TV REVIEW : Fresh View of Yosemite on PBS Tonight

Share

Yosemite and the camera were made for each other. For proof, just pick up a book of Ansel Adams’ photographs. Or visit your video store, where several documentaries and travelogues on California’s star national park can be found. Despite all the visual records that have come before it, however, tonight’s edition of PBS’ wonderful “American Experience” series, “Yosemite--The Fate of Heaven,” (9 p.m. on Channels 28 and 15) stakes out its own territory and comes up with a fresh view.

Unlike the picture presented by most of those tapes on Yosemite, it’s not always a pretty view. What makes “The Fate of Heaven” different is its balance--between past and present, between the beauty of nature and the threats to that beauty.

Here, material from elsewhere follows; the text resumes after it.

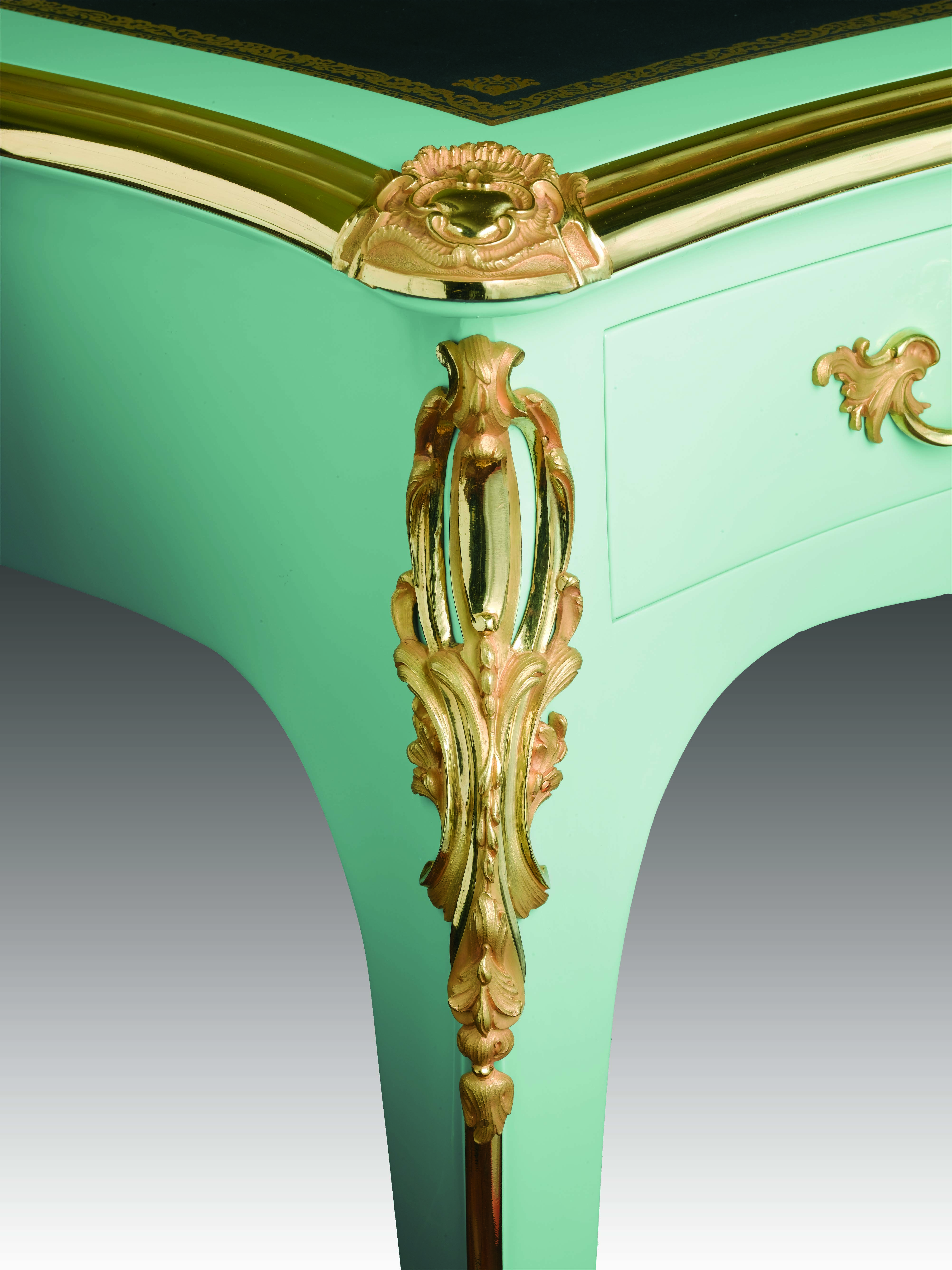 Desk in water gilding with white gold leaf, shagreen desk blotter and gilded bronzes set.

The main threat, of course, is people--the very humans who have preserved this one-of-a-kind setting and made it one of America’s great tourist draws.

Advertisement

With grace and wit, film maker Jon Else (who made “The Fate of Heaven” with the support of the Sundance Institute and the Yosemite Assn.) hops around between visitors and rangers and rock climbers and workers. Interspersed throughout the hour are excerpts (read by Robert Redford) from the diary of Lafayette Bunnell, a doctor who accompanied a U.S. Army brigade on a mission to the area in 1851.

While Yosemite may be perfection, Else’s film is not, though it comes close. Among the few shortcomings is failure to note that the human swarm is chiefly a summer phenomenon; the park is much less trampled upon in the early spring or late fall.

At least that final omission might help discourage more nature lovers from coming to the park--though I doubt it. Every picture of Yosemite--still or moving, blemished or not--only seems to draw more of us there.